Федор кивнул партизанам и те сноровисто выхватили из шеренги пленных очередного бойца — на этот раз явно русского — курносого, с льняными волосами и веснушчатым лицом, в слишком большой для него форме — советской, но со снятыми знаками различия и нашивкой «Polizei». Он испуганно вскрикнул и что-то залепетал обращаясь к своим палачам, но те даже не посмотрели на него — о чем можно говорить с без пяти минут покойником. Медутин даже не стал произносить положенный спич — уже и так все было ясно, да к тому же многие из бойцов потеряли интерес к кровавой потехе. Некоторые из них уже играли в карты у входа в землянки, кто-то дегустировал трофейный шнапс, пулеметчик Иван Куликов — высокий красавец с черными «цыганскими» кудрями и перекошенной на бок фуражкой, склонившись к уху радистки Дуньки Патрикеевой, что-то шептал ей на ухо. Дебелая деваха в растрепанной форме краснела и хихикала в кулачок.

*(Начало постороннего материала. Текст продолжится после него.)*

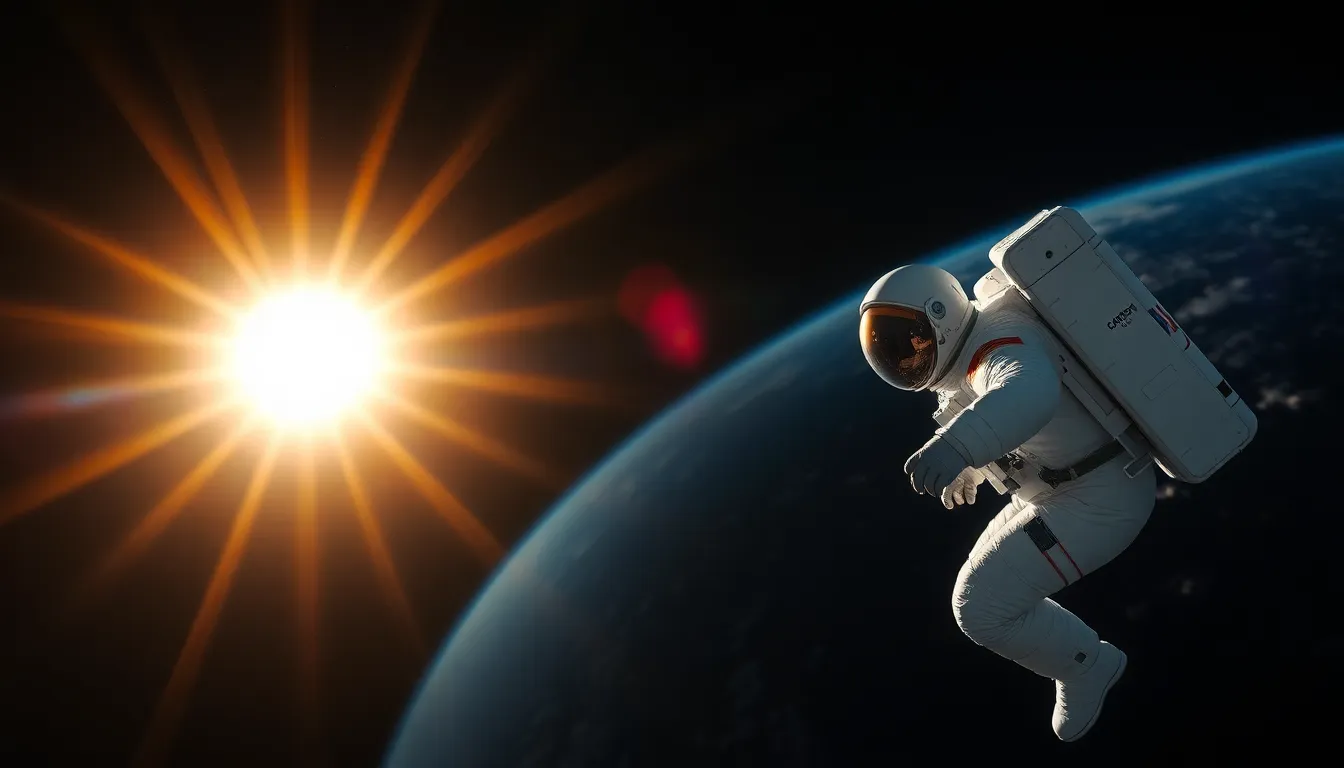 This captivating image depicts an astronaut floating in the vastness of space, dramatically illuminated by sunlight. The vibrant colors of Earth create a stunning contrast against the expanse of black space, emphasizing the astronaut's solitude. The composition draws the viewer's eye through effective use of the rule of thirds, highlighting the interaction between the astronaut and their home planet. This reflective scene evokes feelings of wonder and exploration.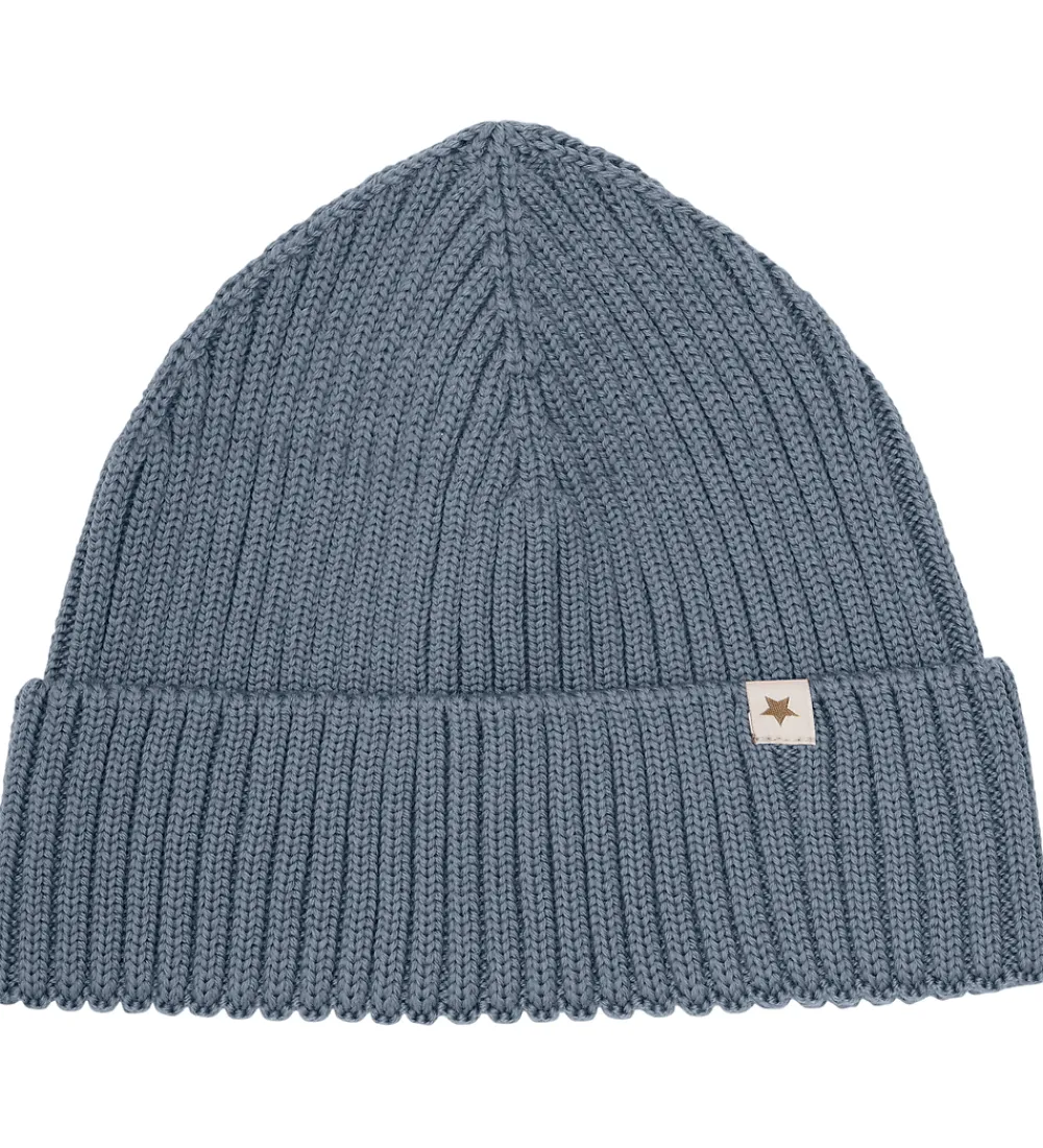 Elegant Huttelihut hue strikket i en flot, gråblå nuance. Huen har en blød ribstruktur, der giver et klassisk udtryk. Der er en dekorativ label foran, som tilføjer et stilfuldt element.

Тем временем бойцы уже подтащили молодого полицая к краю поляны принявшись снова пригибать к земле стволы сосенок. Чернобородый партизан связывая пленного, немного отступил назад и не глядя наступил на ветку которая с хрустом переломилась. Медутин еще как-то мимоходом отметил — почему треск сломавшейся ветки получился таким громким? Но не успел он удивится как партизан, вдруг выпустил из рук веревку и застыл на месте, потом закачался и рухнул на землю, словно поваленное дерево. В груди у него зияла круглая дырка из которой толчками выплескивалась кровь.